ControlAudio: Tackling Text-Guided, Timing-Indicated and Intelligible Audio Generation via Progressive Diffusion Modeling¶
Conference: ACL 2026
arXiv: 2510.08878
Code: Project Page
Area: Image Generation
Keywords: Text-to-Audio, Temporal Control, Intelligible Speech, Progressive Diffusion, DiT
TL;DR¶
This paper proposes ControlAudio, a unified progressive diffusion modeling framework that achieves three capabilities—text-guided generation, precise temporal control, and intelligible speech synthesis—within a single diffusion model through three-stage progressive training (TTA pretraining → temporal control fine-tuning → joint temporal+intelligible speech training) and progressive guidance sampling, significantly outperforming existing methods in temporal precision and speech intelligibility.
Background & Motivation¶
Background: Text-to-audio (TTA) generation has achieved significant progress through large-scale diffusion models.

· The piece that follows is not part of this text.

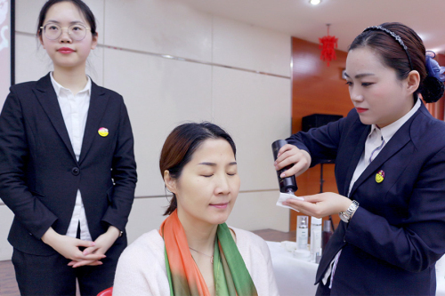 随后,权健辽宁分公司运管专员何美然老师现场请出一位事业伙伴,配合完成了化妆的技巧演示。让大家亲眼感受到欧玛的魅力。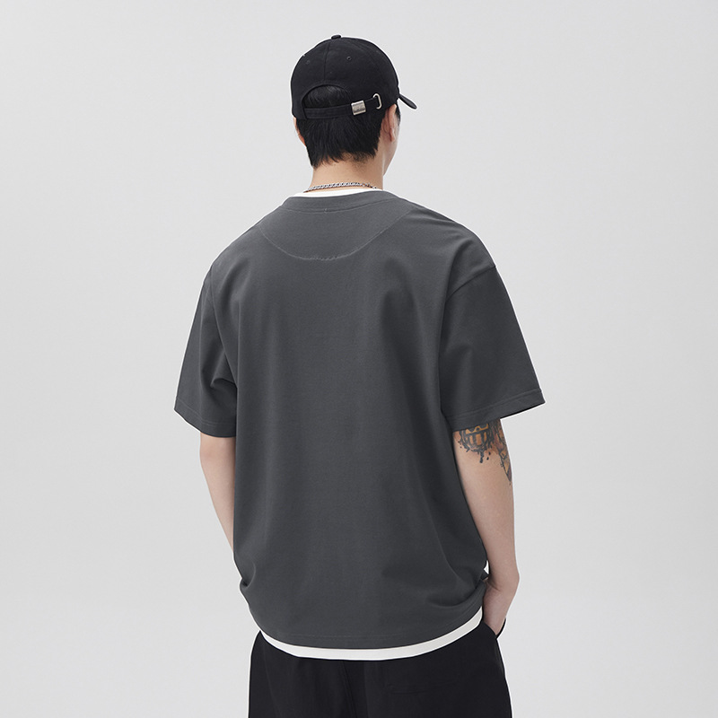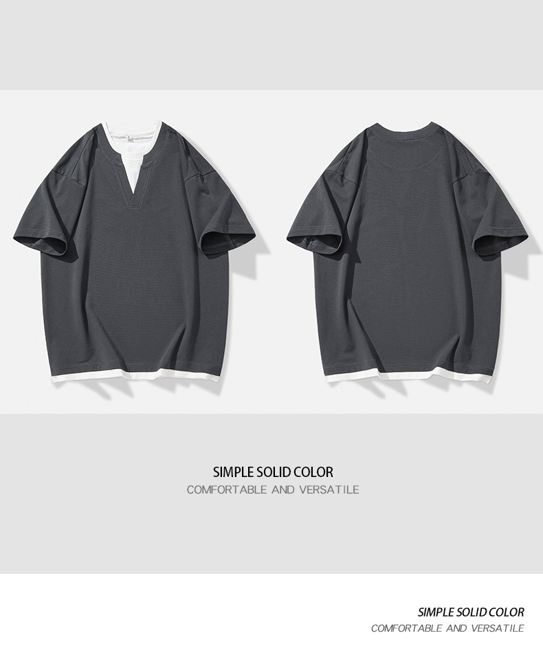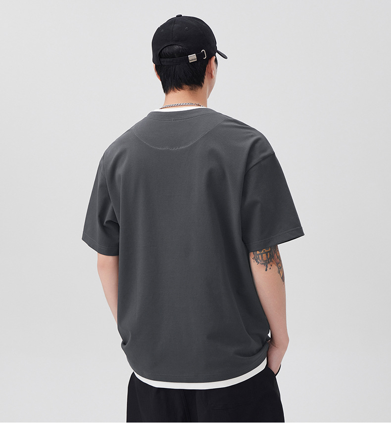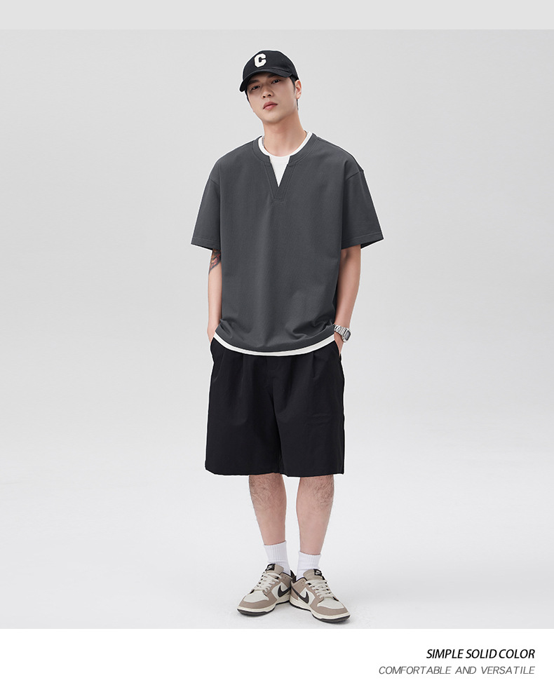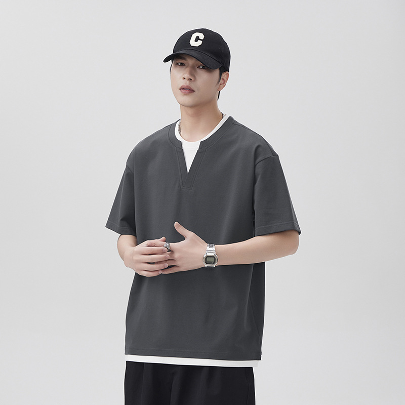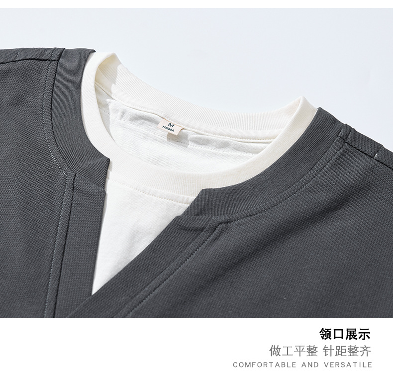假两件美式复古短袖T恤男夏季2025新款ins潮牌亨利衫男装体恤

Recent research has begun exploring fine-grained control: one line of work achieves precise temporal control (e.g., "bird chirping, 2-5 seconds"), while another enables intelligible speech generation (audio containing clearly distinguishable speech content).
Limitations of Prior Work: (1) Due to scarce large-scale annotated data (datasets containing both temporal annotations and speech transcriptions are extremely limited), controllable TTA remains constrained in performance even after scaling; (2) No prior work has achieved both temporal control and intelligible speech generation within a unified framework; (3) Adding fine-grained control signals often sacrifices generation quality under pure text conditions (catastrophic forgetting); (4) Natural language descriptions of complex multi-event scenarios contain ambiguities.

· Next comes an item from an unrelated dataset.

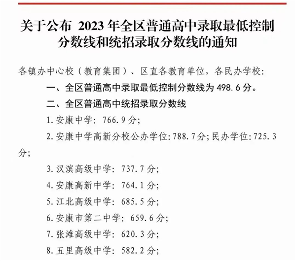 7月13日,漢濱區(qū)教育體育局、高新區(qū)教育體育局、恒口示范區(qū)教育體育局聯(lián)合發(fā)布《關(guān)于公布2023年全區(qū)普通高中錄取最低控制分數(shù)線和統(tǒng)招錄取分數(shù)線的通知》:M6n安康新聞網(wǎng)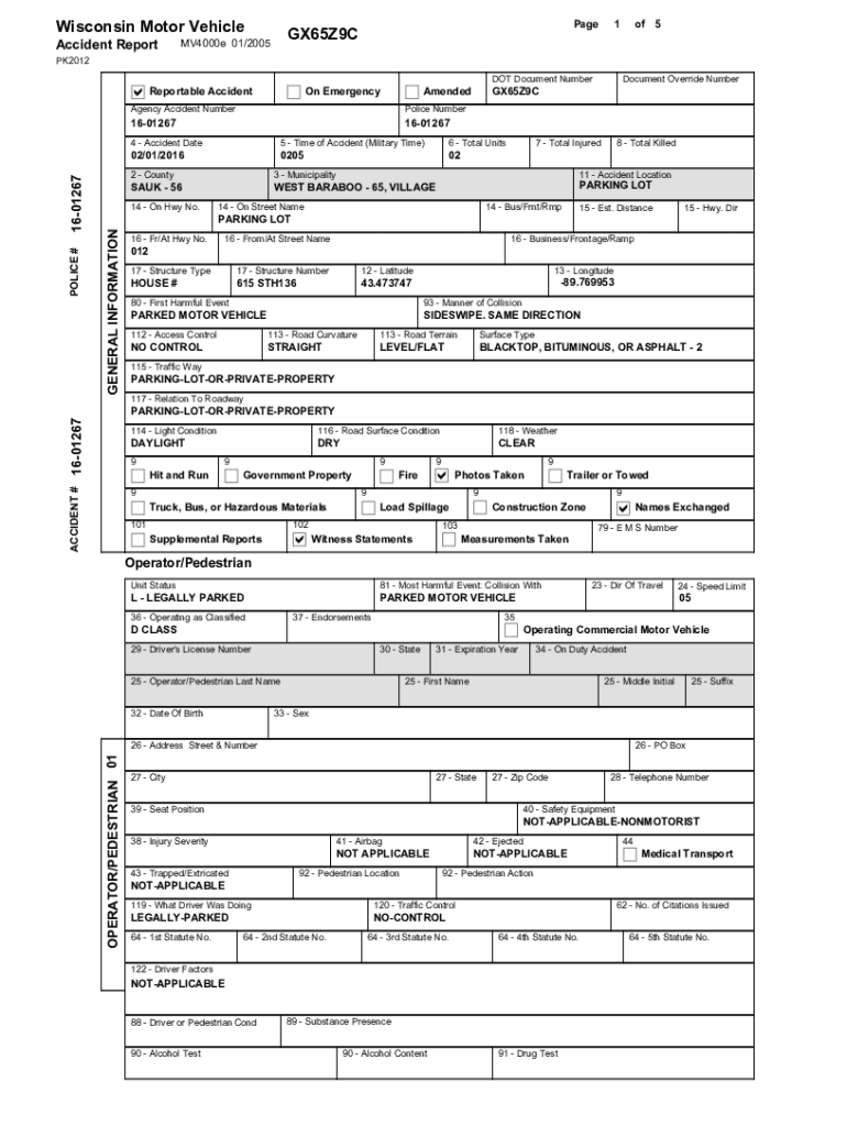 Wisconsin Motor Vehicle Accident ReportPageGX65Z9CMV4000e 01/20051of 5PK2012 DOT Document NumberReportable Accident EmergencyAmendedAgency Accident NumberPolice Number16012674 Accident Date5 Time

Key Challenge: Controllable TTA requires handling condition signals at multiple granularities (text → temporal → phoneme), but training data at different granularities varies drastically in scale (millions of text-audio pairs vs. tens of thousands of temporal annotations), making direct joint training ineffective.

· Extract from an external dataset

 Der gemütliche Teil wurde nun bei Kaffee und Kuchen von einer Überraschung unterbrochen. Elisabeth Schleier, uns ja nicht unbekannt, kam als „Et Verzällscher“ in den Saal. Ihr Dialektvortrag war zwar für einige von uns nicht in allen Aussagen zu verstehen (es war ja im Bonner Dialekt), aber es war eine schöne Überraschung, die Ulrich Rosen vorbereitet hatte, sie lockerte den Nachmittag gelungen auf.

Goal: Unify text-guided generation, temporal indication, and intelligible speech capabilities within a single diffusion model without sacrificing individual capabilities.
Key Insight: Model controllable TTA as a multi-task learning problem through progressive diffusion modeling—adopting coarse-to-fine progressive strategies across data construction, model training, and guidance sampling.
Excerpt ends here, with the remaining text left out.